From the line holding "préservés et séchés" through the line holding "Untuk pengguna pendidikan, aplikasi" below, write out every line exactly; include both of those lines and drop the pictures.

Excerpted records:
■ ■ ■ ■

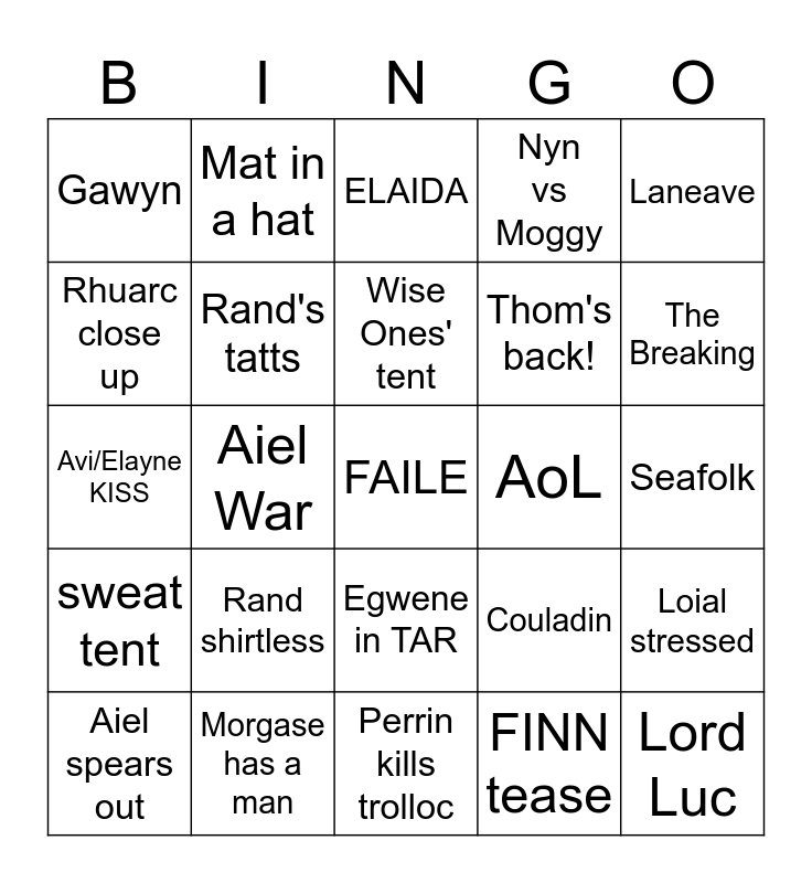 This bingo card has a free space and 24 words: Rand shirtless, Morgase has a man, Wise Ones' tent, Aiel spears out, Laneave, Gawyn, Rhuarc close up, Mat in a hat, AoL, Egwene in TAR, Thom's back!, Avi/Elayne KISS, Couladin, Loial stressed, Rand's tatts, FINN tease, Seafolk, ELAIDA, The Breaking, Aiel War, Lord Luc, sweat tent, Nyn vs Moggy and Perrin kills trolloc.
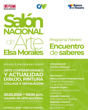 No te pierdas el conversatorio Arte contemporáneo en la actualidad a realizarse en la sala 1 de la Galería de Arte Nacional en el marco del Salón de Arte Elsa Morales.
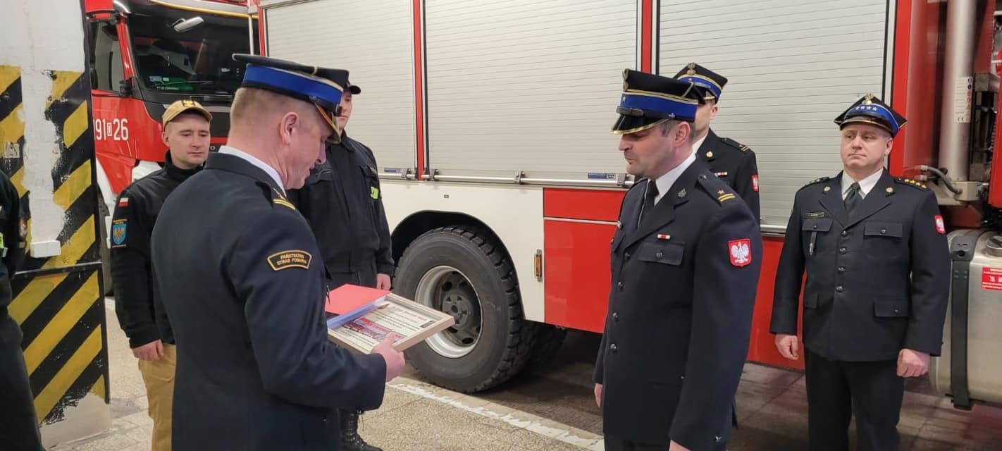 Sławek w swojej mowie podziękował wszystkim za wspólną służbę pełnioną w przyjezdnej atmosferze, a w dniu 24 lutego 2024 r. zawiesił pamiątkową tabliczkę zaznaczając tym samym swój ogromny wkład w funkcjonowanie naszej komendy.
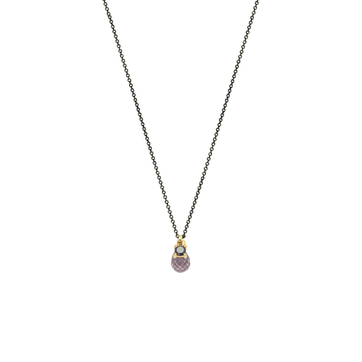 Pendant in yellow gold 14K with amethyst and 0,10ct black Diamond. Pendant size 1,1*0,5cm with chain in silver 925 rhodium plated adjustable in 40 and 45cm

■ ■ ■ ■

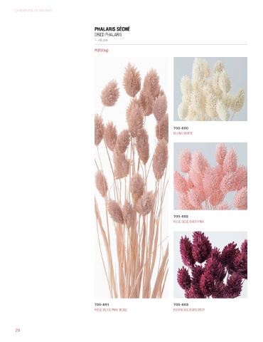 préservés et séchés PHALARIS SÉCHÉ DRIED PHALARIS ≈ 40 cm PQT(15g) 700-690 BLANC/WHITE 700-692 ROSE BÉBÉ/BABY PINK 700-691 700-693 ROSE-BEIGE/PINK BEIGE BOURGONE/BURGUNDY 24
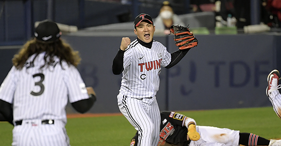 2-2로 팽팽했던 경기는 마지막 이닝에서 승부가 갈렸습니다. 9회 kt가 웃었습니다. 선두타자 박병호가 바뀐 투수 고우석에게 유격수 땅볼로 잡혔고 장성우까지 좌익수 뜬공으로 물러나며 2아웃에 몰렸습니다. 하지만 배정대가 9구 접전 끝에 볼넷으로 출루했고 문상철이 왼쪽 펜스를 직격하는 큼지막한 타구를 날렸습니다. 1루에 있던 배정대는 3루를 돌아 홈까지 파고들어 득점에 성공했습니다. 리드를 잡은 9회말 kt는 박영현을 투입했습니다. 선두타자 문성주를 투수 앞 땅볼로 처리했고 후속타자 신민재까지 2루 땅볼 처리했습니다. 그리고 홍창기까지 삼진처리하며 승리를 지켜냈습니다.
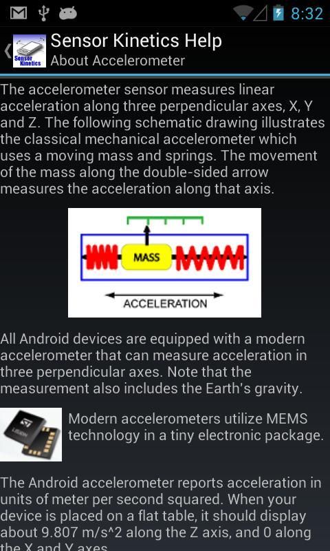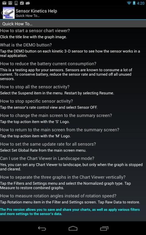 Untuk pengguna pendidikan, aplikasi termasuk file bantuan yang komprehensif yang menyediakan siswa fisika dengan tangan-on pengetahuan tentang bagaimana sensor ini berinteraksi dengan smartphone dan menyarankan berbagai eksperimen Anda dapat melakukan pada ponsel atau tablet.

■ ■ ■ ■

Answer area:
 préservés et séchés PHALARIS SÉCHÉ DRIED PHALARIS ≈ 40 cm PQT(15g) 700-690 BLANC/WHITE 700-692 ROSE BÉBÉ/BABY PINK 700-691 700-693 ROSE-BEIGE/PINK BEIGE BOURGONE/BURGUNDY 24
 2-2로 팽팽했던 경기는 마지막 이닝에서 승부가 갈렸습니다. 9회 kt가 웃었습니다. 선두타자 박병호가 바뀐 투수 고우석에게 유격수 땅볼로 잡혔고 장성우까지 좌익수 뜬공으로 물러나며 2아웃에 몰렸습니다. 하지만 배정대가 9구 접전 끝에 볼넷으로 출루했고 문상철이 왼쪽 펜스를 직격하는 큼지막한 타구를 날렸습니다. 1루에 있던 배정대는 3루를 돌아 홈까지 파고들어 득점에 성공했습니다. 리드를 잡은 9회말 kt는 박영현을 투입했습니다. 선두타자 문성주를 투수 앞 땅볼로 처리했고 후속타자 신민재까지 2루 땅볼 처리했습니다. 그리고 홍창기까지 삼진처리하며 승리를 지켜냈습니다.
 Untuk pengguna pendidikan, aplikasi termasuk file bantuan yang komprehensif yang menyediakan siswa fisika dengan tangan-on pengetahuan tentang bagaimana sensor ini berinteraksi dengan smartphone dan menyarankan berbagai eksperimen Anda dapat melakukan pada ponsel atau tablet.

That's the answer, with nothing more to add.